Dawn

Dawn

Tuesday, March 25, 2014

Madrid demonstrations; The personal touch; & The Rules of Polite Discourse.


Saturday evening in Spain saw the culmination in Madrid of the 'March for Dignity', in which two and a half million are said to have taken part, making it the largest demonstration in the country's democratic history. The protest, of course, was against the devastation caused to young and old alike by the financial crisis and the subsequent austerity policies of the government. There were clashes in Madrid but not much violence. Showing immense sensitivity, some politicians from the governing PP party dismissed the protest as "six columns of left-wing extremists led by an actor from Cuba, not even Spain". Presumably they see their inflation-proof salaries and pensions as safe from the mob. Sadly, they may be right.

There was another demonstration in Madrid at the weekend, this time from a pro-life group. One's used to seeing estimates of crowd numbers that don't agree but this was perhaps the largest divergence ever. The organizers claimed 100,000 people had taken part in the march, while police estimated the figure at no more than 6,000. Perhaps the pro-life group included angels of one sort or another. Incidentally, one of the speakers said "We need 280,000 children that are the victims of abortion to live as part of our generational replacement." Somehow, though, I doubt her principal concern was socio-economic.

That the Spanish prefer to do business face-to-face ('personally') is well-established. Indeed, in his book The New Spaniards, John Hooper suggested that if Spain didn't move away from this mod op, her economic growth would be affected. Me, I prefer emails, especially as I always have to ask any Spanish phone interlocutor to slow down so I can follow them. Yesterday I emailed my gestor to ask about making an insurance claim for the 615 euros' worth of water that recently leaked from my system. A guy called back and told me the only claim I could make was for the repair. Then he said he'd look at it again and asked if it'd be OK to email me. I guess this means it'll be bad news. 

Finally . . . . These are the Rules of Polite Discourse.
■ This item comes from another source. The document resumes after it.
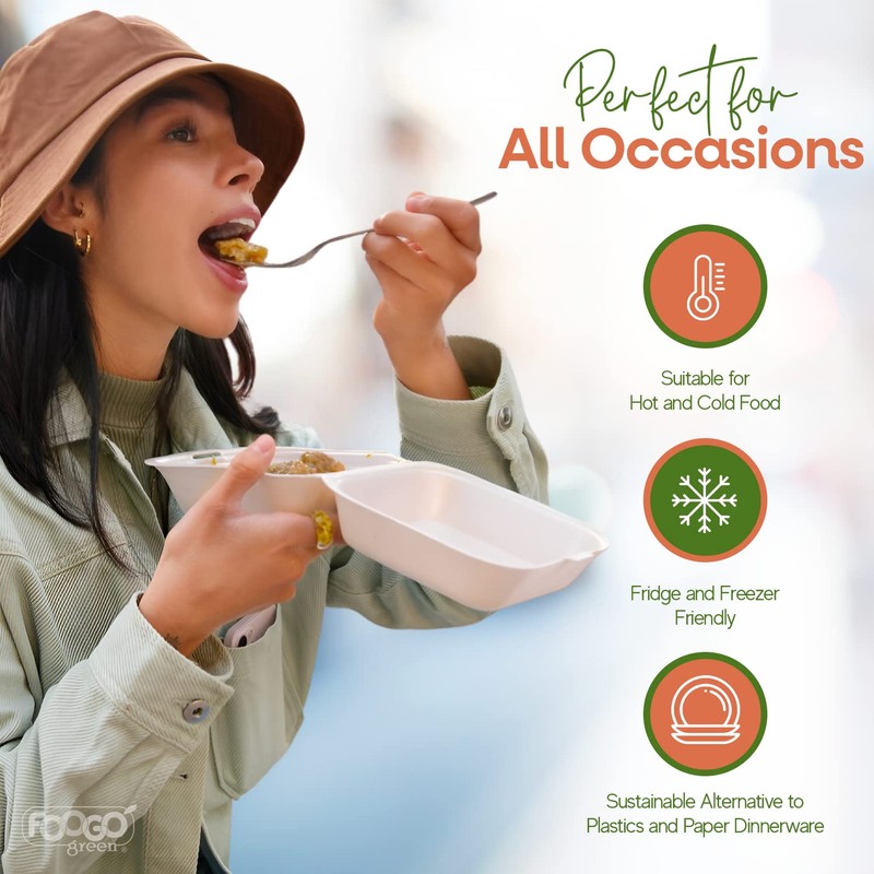 - FOOGO disposable plates, bowls and trays are compostable and biodegradable and allow easy and safe disposal without damaging the environment. In addition, they are microwave and freezer safe, perfect for hot and cold food.

Based on my experience of talk-shows and panel discussions on Spanish TV, I'd guess they've never been translated into the language of Cervantes:-

- Address issues promptly – If you let feelings fester, that is just what will happen: They will rot you from the inside out.

- Express your feelings and thoughts – How can you expect the other person to understand if you don't express yourself completely?
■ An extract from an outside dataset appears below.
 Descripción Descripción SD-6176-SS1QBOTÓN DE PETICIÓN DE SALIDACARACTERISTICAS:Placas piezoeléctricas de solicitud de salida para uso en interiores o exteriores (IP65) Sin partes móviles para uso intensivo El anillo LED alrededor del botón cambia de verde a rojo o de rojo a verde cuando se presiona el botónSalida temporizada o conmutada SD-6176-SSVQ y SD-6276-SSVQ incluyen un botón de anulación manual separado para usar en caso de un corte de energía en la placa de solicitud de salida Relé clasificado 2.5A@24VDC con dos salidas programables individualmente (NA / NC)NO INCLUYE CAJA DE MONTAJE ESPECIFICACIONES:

- Listen actively – Active listening involves eye contact, nods, and affirmations. Listen both for what is said and what is not said, for feelings expressed and feelings suppressed.

- Don't get upset – Allowing yourself to become driven by emotion indicates that your reason has taken a back seat. If you notice yourself or the other person becoming agitated, call a "Time Out."

- Validate the other person – Each person's feelings and concerns are important, however misguided they may seem. Realize that other people's perspectives ARE their reality, the way they honestly see the world.

- Don't get defensive – If you notice yourself becoming defensive, say so or ask for a "Time Out." If you sense the other person becoming defensive, try to ease the tension and examine what could have triggered such a response.

- Avoid "You ..." generalizations – Accusatory statements usually trigger defensive behaviour and do not promote free expression. Try to use specific examples – "always" and "never" statements are weak, needing only one exception to be disproved.

- Stay on topic – Don't allow other issues to enter into the discussion. Though important, these issues deserve to be addressed separately.

- Check understanding – Try restating what you heard to see if that was the intended message. It takes two to communicate – the speaker AND the listener. Both parties share the responsibility for clear communication.

- Don't be repetitive – If you repeat a statement to clarify a misunderstanding, be sure to emphasize the difference in meaning – otherwise you may seem to be merely grandstanding.

- Always be respectful – Rudeness is never appropriate or acceptable. Remember that to earn respect you must first show respect for others.

- Don't interrupt – No one likes to have a train of thought derailed by an impatient listener. What you have to say is very important, but listening to the other person is even more important. Frequent interruptions indicate a lack of concern for what the other person has to say.

- Let the other person respond – If you launch into a tirade, listing a multitude of offences, you are inviting an interruption. The other person surely has a response for each of your statements and, denied the opportunity to express these thoughts, will rapidly become impatient or agitated.

- Suggest solutions – It is easy to complain about a problem. Actually suggesting solutions requires much more time, effort, and thought. The very act of developing a solution requires viewing the problem from a new perspective and, possibly, realizing how difficult it is to design and implement a workable solution.

- Agree to disagree – Sometimes a solution cannot be found. In such cases, agree that you will not resolve the issue during this session and end the discussion on good terms.

It's just possible that, looking back over the years, I may not have been a perfect practitioner of these rules.